#### [WHAT YOU HAVE TO DO]
Transcribe each line below verbatim; pictures excluded.

#### [DATA SECTION]
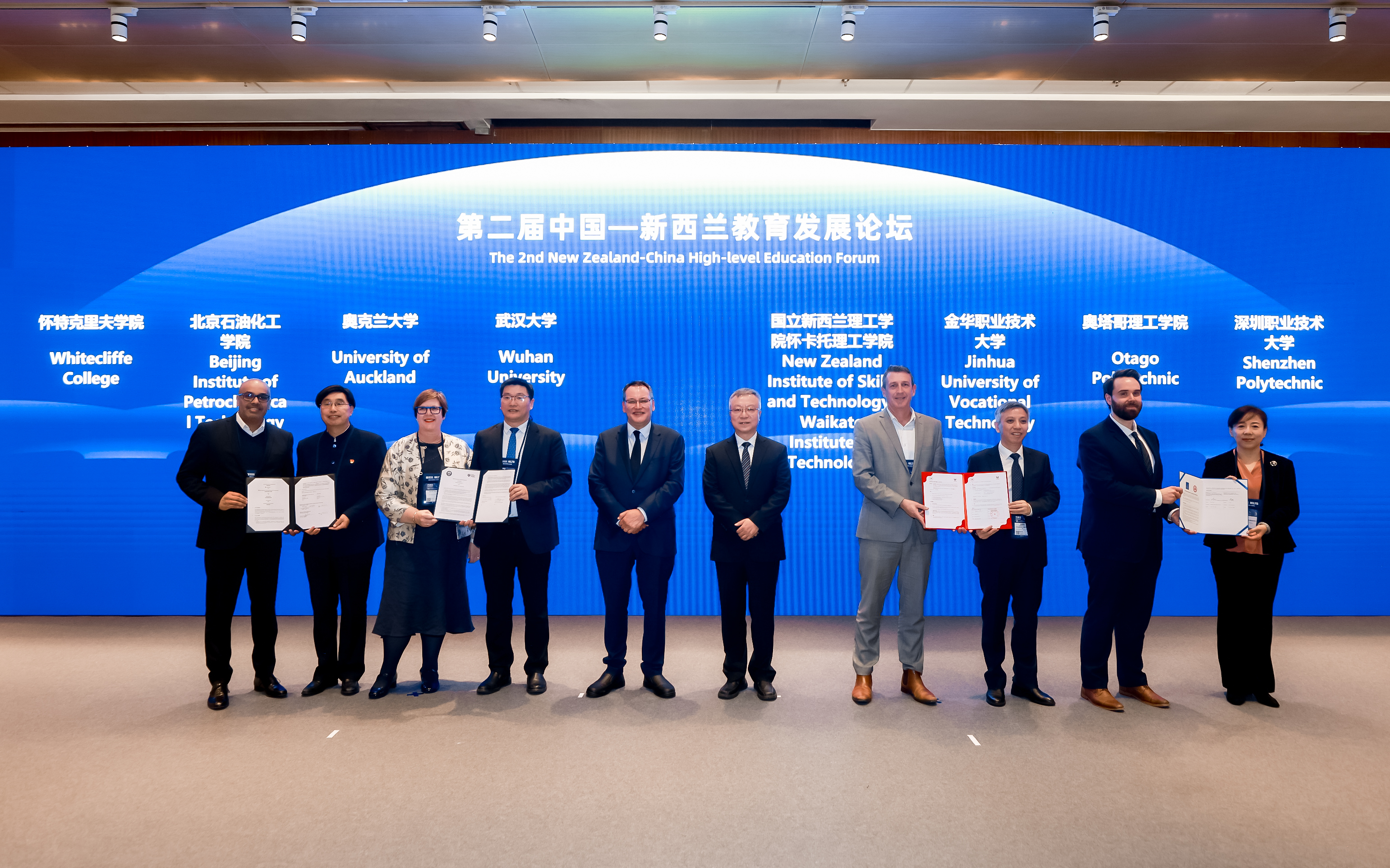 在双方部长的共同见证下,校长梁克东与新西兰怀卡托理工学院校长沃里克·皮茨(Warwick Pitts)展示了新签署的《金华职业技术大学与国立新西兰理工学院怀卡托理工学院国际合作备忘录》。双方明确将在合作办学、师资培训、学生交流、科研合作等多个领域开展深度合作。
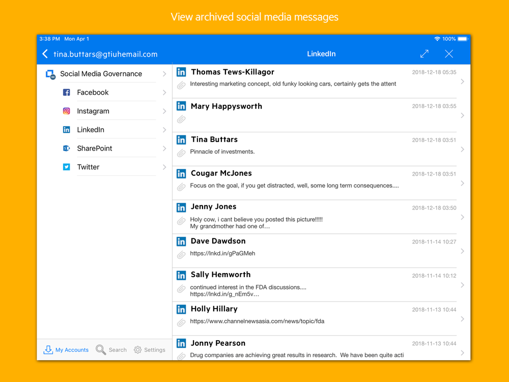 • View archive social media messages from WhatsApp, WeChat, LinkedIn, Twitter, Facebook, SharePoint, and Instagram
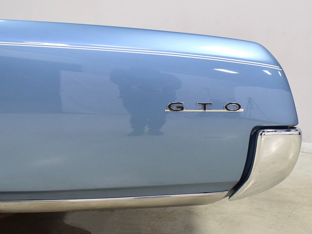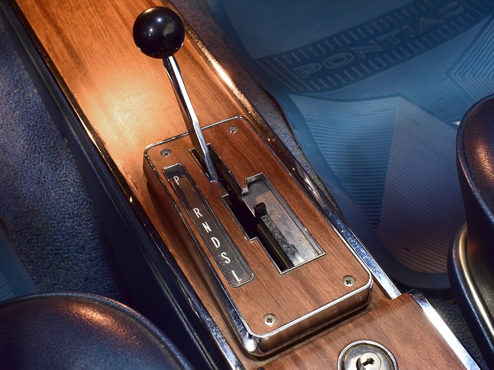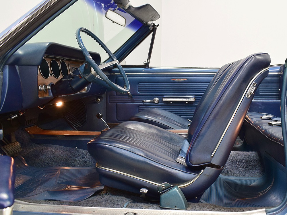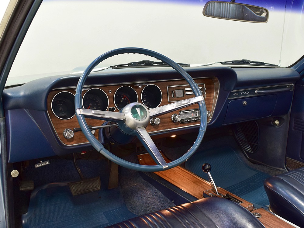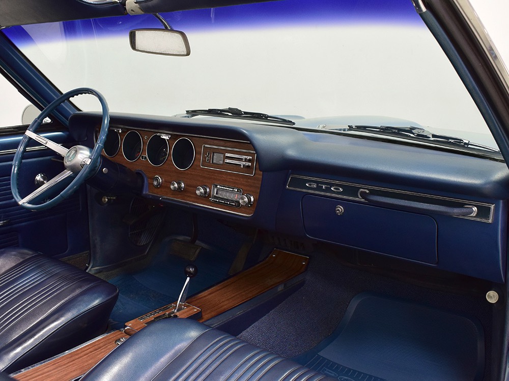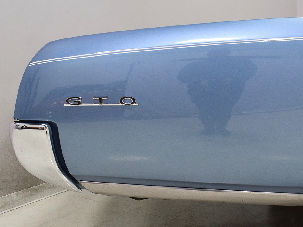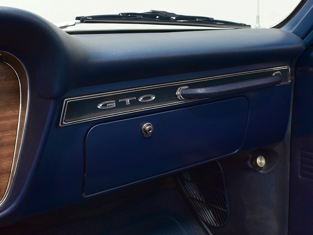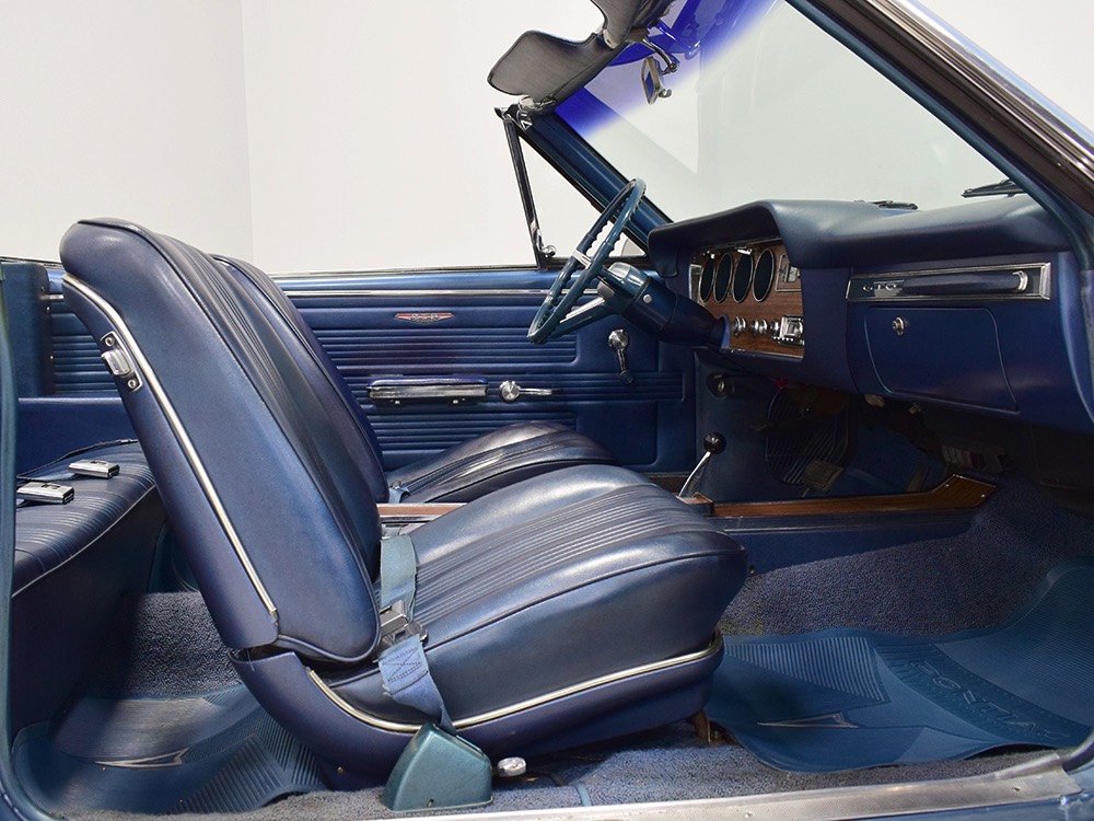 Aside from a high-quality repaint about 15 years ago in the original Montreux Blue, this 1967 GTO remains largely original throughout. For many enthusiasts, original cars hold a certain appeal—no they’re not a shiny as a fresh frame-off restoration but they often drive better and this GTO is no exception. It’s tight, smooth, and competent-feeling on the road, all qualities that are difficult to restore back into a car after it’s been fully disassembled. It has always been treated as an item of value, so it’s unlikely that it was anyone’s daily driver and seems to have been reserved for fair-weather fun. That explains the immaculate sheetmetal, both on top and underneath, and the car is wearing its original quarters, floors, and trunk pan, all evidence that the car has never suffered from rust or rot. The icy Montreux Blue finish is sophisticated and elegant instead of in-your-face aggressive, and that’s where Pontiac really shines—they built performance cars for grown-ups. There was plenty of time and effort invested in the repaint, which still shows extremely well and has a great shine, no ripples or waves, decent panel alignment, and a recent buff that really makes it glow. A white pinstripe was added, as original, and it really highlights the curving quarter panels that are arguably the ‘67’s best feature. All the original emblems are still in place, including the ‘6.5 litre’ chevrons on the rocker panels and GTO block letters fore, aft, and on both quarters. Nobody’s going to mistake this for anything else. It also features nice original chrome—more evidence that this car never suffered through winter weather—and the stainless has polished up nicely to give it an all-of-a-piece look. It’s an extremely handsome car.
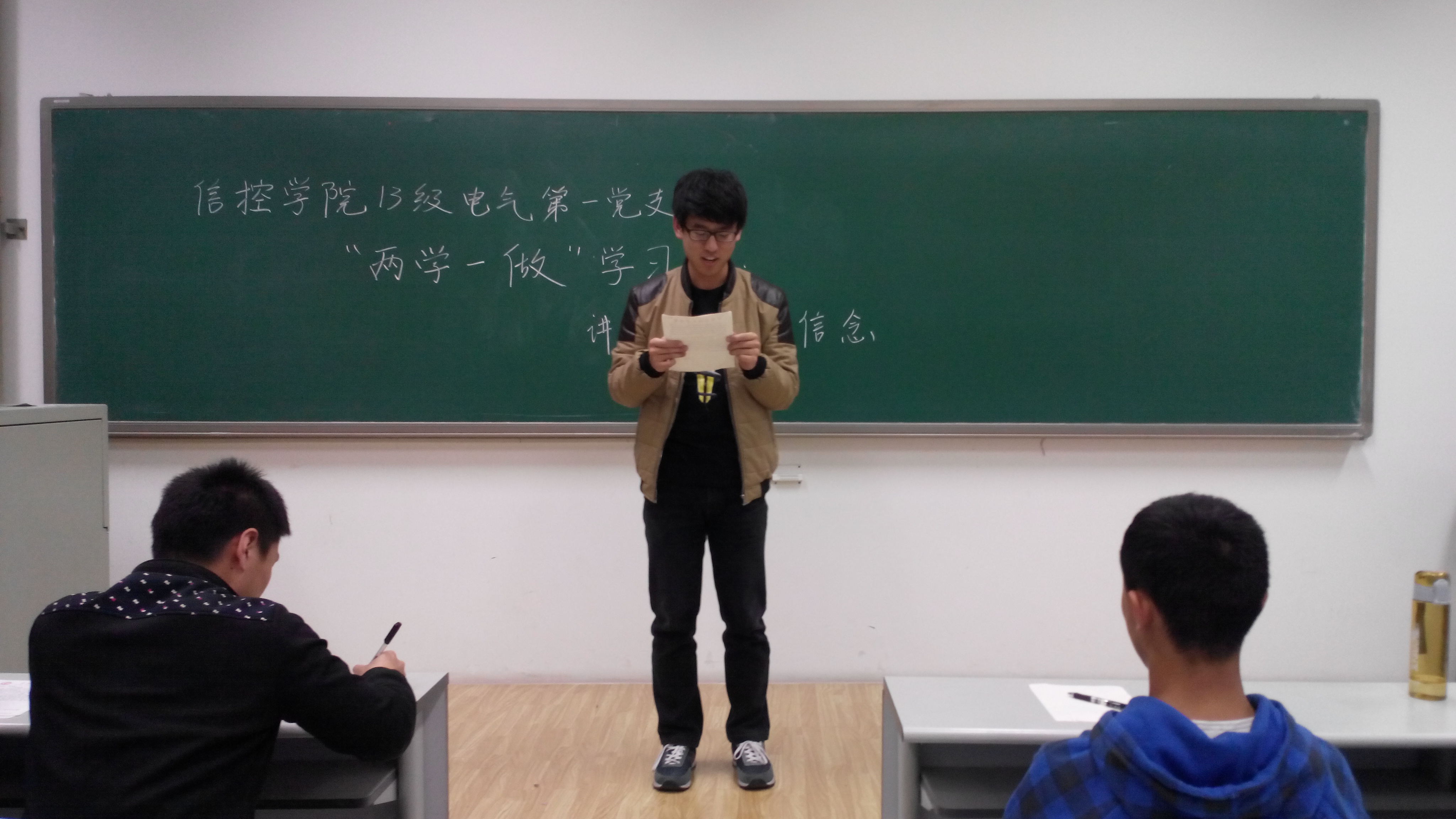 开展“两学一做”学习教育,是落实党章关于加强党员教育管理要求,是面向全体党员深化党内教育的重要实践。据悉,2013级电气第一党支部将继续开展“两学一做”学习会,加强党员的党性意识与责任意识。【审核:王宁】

#### [RESPONSE BOX]
 在双方部长的共同见证下,校长梁克东与新西兰怀卡托理工学院校长沃里克·皮茨(Warwick Pitts)展示了新签署的《金华职业技术大学与国立新西兰理工学院怀卡托理工学院国际合作备忘录》。双方明确将在合作办学、师资培训、学生交流、科研合作等多个领域开展深度合作。
 • View archive social media messages from WhatsApp, WeChat, LinkedIn, Twitter, Facebook, SharePoint, and Instagram
 Aside from a high-quality repaint about 15 years ago in the original Montreux Blue, this 1967 GTO remains largely original throughout. For many enthusiasts, original cars hold a certain appeal—no they’re not a shiny as a fresh frame-off restoration but they often drive better and this GTO is no exception. It’s tight, smooth, and competent-feeling on the road, all qualities that are difficult to restore back into a car after it’s been fully disassembled. It has always been treated as an item of value, so it’s unlikely that it was anyone’s daily driver and seems to have been reserved for fair-weather fun. That explains the immaculate sheetmetal, both on top and underneath, and the car is wearing its original quarters, floors, and trunk pan, all evidence that the car has never suffered from rust or rot. The icy Montreux Blue finish is sophisticated and elegant instead of in-your-face aggressive, and that’s where Pontiac really shines—they built performance cars for grown-ups. There was plenty of time and effort invested in the repaint, which still shows extremely well and has a great shine, no ripples or waves, decent panel alignment, and a recent buff that really makes it glow. A white pinstripe was added, as original, and it really highlights the curving quarter panels that are arguably the ‘67’s best feature. All the original emblems are still in place, including the ‘6.5 litre’ chevrons on the rocker panels and GTO block letters fore, aft, and on both quarters. Nobody’s going to mistake this for anything else. It also features nice original chrome—more evidence that this car never suffered through winter weather—and the stainless has polished up nicely to give it an all-of-a-piece look. It’s an extremely handsome car.
 开展“两学一做”学习教育,是落实党章关于加强党员教育管理要求,是面向全体党员深化党内教育的重要实践。据悉,2013级电气第一党支部将继续开展“两学一做”学习会,加强党员的党性意识与责任意识。【审核:王宁】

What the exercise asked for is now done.